Although coincidence events provide line-integral measurements of the tracer distribution, histogramming these events into a sinogram is often inefficient because the number of events recorded is much smaller than the number of possible measurements, and, therefore, the sinogram is sparsely filled. Instead, reconstruction is performed directly from the list-mode data, using algorithms such as list-mode ordered-subsets expectation-maximization (OSEM), a variation of the popular OSEM algorithm, itself an accelerated version of the EM algorithm. List-mode OSEM computes the maximum likelihood estimate by iteratively applying a sequence of forward and back-projection operations along a list of lines. The forward and back-projection operations are performed along individual lines, taken from a list representing recorded coincidence events. The image is typically initialized with ones.

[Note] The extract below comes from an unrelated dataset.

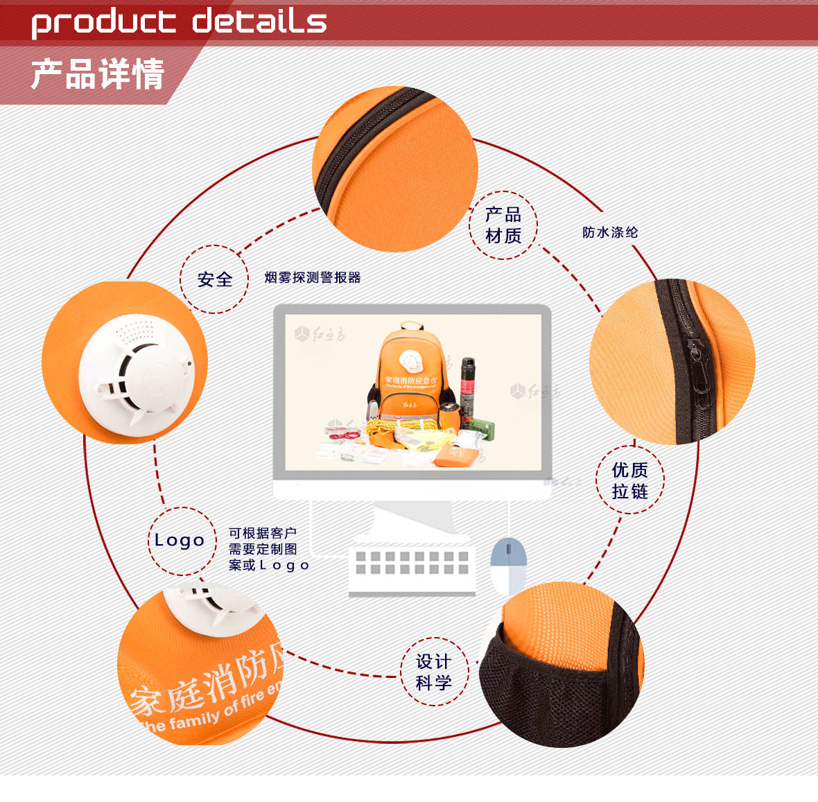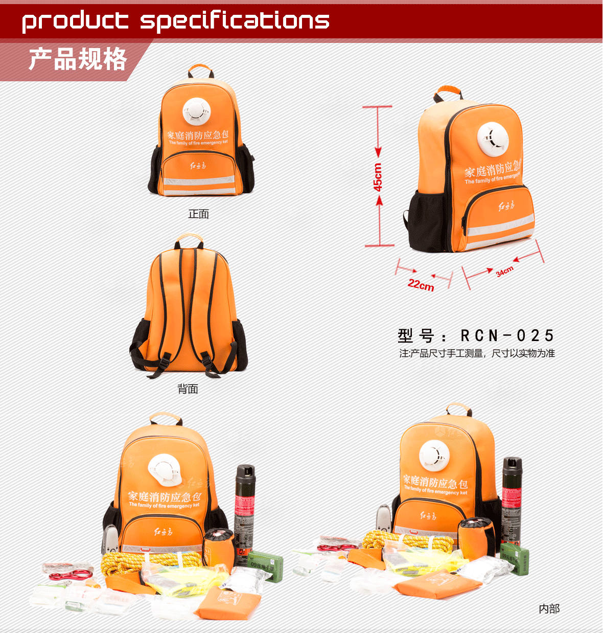 型號:RCN-025家庭應急包 | 外包材質:600D滌綸 | 顏色:橘黃 | ||||||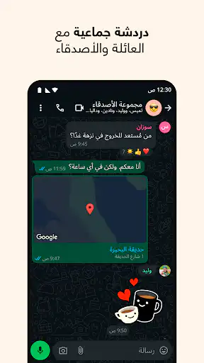 يوفر التطبيق حرية كبيرة في مشاركة الصور والفيديوهات والمستندات بأحجام كبيرة وبجودة أصلية. كما تتيح ميزة “الموقع المباشر” (Live Location) لأصدقائك تتبع مسارك للوصول إليك بسهولة، مع إمكانية تحديد المدة الزمنية للمشاركة لضمان خصوصيتك. ولإضافة لمسة من المرح، يمكنك استخدام الملصقات (Stickers) والصور المتحركة (GIFs) لجعل المحادثات أكثر حيوية.

List-mode OSEM is a computationally-demanding algorithm that cannot be implemented using GPU texture-mapping approaches because the linear mapping between image space and projection space does not apply to a list of randomly-oriented lines. Instead, lines must be processed individually, which raises new, complex challenges for a GPU implementation.
A previous implementation of list-mode OSEM using a GPU is described in US patent publication 2007/0201611 and in an article by Pratx et al. “Fast, accurate and shift-varying line projections for iterative reconstruction using the GPU” (IEEE Trans. Med. Image 28(3) (2009) p435), both of which are incorporated by reference in their entirety. In the cited work, the data write operations were performed by programming in the vertex shaders where the output is written. A rectangular polygon is drawn into the frame-buffer object so that it encompasses the intersection of the line with the slice.
However, it remains desirable to provide further improvements for list mode OSEM reconstruction implementations using GPUs.